Parents may be similarly hesitant and read the JCVI’s caution as a sign that there’s something to worry about. Simon Jones, 41-year-old father to Dylan, ten and Rory, eight seems to believe so. Rory, who recently returned from school with a cold, tested positive for Covid. All members of the family have tested negative so far.

They feel very cautious. ‘You hear about inaccurate results. We don’t want to be the ones who give Covid to everyone else, so we’re isolating,’ says Simon. 

Currently, a fifth of the most critically ill Covid patients in hospitals in England since July are unvaccinated pregnant women (file photo)

Unvaccinated pregnant women make up a fifth of the most seriously ill Covid patients admitted to hospitals in England since July. (file photo).


Canada and the USA are expected to approve vaccines for children under 12 years old soon, while China and the United Arab Emirates have already approved them.

Would he consider having the boys vaccinated if this would prevent situations like these? ‘No,’ is the instant response from the advertising sales executive, who lives with his partner in East London. ‘Well, I just don’t know about it – you hear about the risks. I’d need to know more before I said yes.’

A June survey found that a third of parents with children aged six-12 said they would not get their child vaccinated if there was a jab. Parents who indicated that they were not likely to vaccinate children expressed concern about the long-term effects.

One in five children said they would wait to see if the vaccines worked on other children.

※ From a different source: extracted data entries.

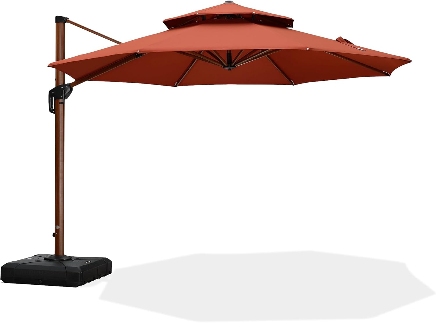 PURPLE LEAF 11ft Patio Umbrella Outdoor Round Umbrellas Large Cantilever Umbrella Windproof Offset Umbrellas Heavy Duty Sun Umbrella for Garden Deck Pool Patio, Brick Red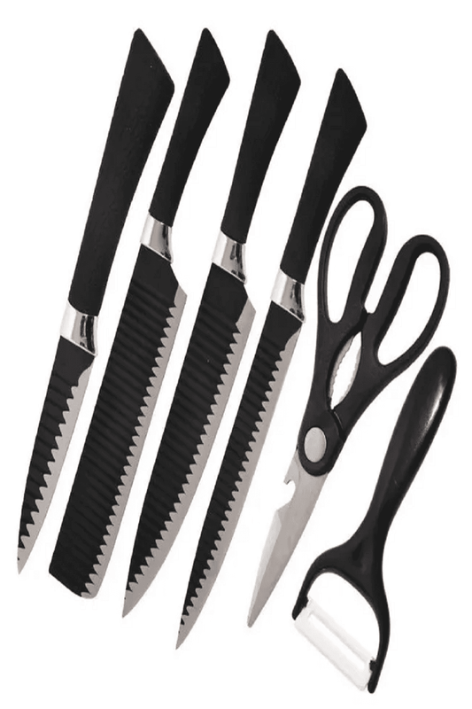 Juego Kit Set Cuchillos Todo En Uno 6 Piezas Profesionales Color Negro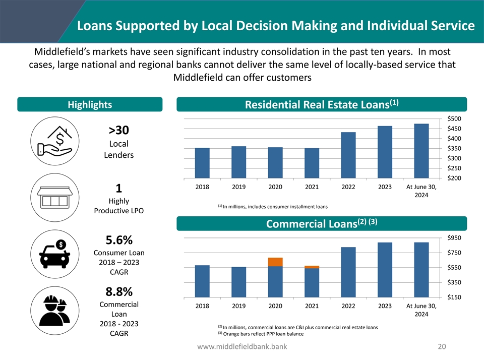 Returning Capital to Shareholders Annual Dividend $0.85 $0.90 $0.81 $0.80 $0.80 $0.69 $0.70 $0.60 $0.59 $0.57 $0.60 Middlefield has a history of returning excess $0.50 capital to shareholders. The Company has $0.40 increased its regular dividend payment four $0.30 times since 2018 and paid four special dividends $0.20 over this period. $0.10 $0.00 2018 2019 2020 2021 2022 2023 2024* Special cash dividend Regular cash dividend * Annualized Cumulative Shares Repurchased 1,400,000 1,200,000 For the 2024 first half, the Company repurchased 1,000,000 43,858 shares of its common stock, at an average 800,000 price of $24.00 per share. 600,000 400,000 There were no repurchases during the second 200,000 quarter of 2024. 0 2018 2019 2020 2021 2022 2023 Q2 2024 www.middlefieldbank.bank 18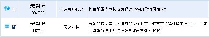 天賜材料(002709)周五在全景網互動平臺上表示,公司目前六氟磷酸鋰產能為2000t/a,暫無外銷。電解液產能約為2萬噸,目前訂單充足。天賜材料回答投資者提問時介紹,在下游需求持續(xù)旺盛的情況下,目前六氟磷酸鋰市場供應確實比較緊張。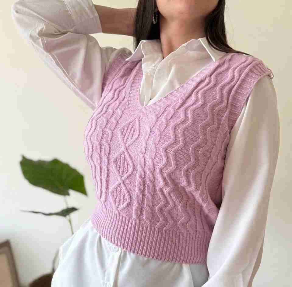 Elegante chaleco sin mangas lila con diseño tejido, perfecto para un look casual. Ideal para primavera y otoño. Nuevo, talla estandar abarca hasta la xl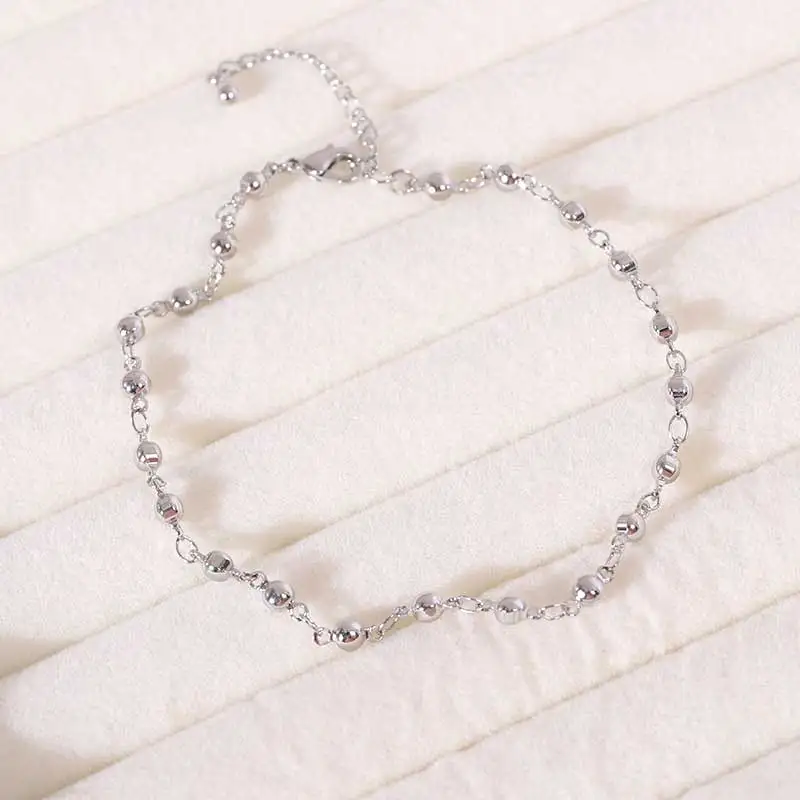 Fashion Jewelry Cute Stainless Steel Women Multi Station Ankle Bracelet Ball Beaded Chain Anklet Accessories

Teenagers are not getting their vaccines. Only 17% have submitted for their jab among children aged 12-15. Experts say some of this is due to hesitancy among parents, which may have been avoided had it not been for ‘mixed messaging’ about safety.

Prof Iain Buchan, public health expert at the University of Liverpool, said the situation has been worsened by the ‘pandemic of misinformation’ online.

Prof Buchan, who has helped co-ordinate the rollout of vaccines in Liverpool schools, said: ‘We’re seeing rising numbers of anti-vax protesters outside schools and death threats sent to vaccinators. This could in part be responsible for the lumpy take-up in some parts of the country.’

Dr Strain said that despite the Lancet study showing the clear benefits of vaccinations for five- to eleven-year-olds (and authoring it), he understood why parents might be hesitant. ‘Yes, the vaccines are proven to be safe, but I have young children and would like to see some more data before I get them vaccinated.’

Fran Simpson, however, says she would ‘go for it immediately’ if Magnus was offered a jab.

‘If there’s anything we can do the bring down the number of infections in schools, we should do it,’ she says.

Fran believes that it is important to vaccinate all children to prevent long Covid. This is after Saskia was diagnosed with the condition last year. She suffered from severe fatigue for several months and breathing difficulties, and still has occasional flare-ups. Fran was inspired to found Long Covid Kids, a charity that supports families.

She says: ‘You hear people say the risk to children is small, but I’ve seen first-hand the impact this disease can have on them.’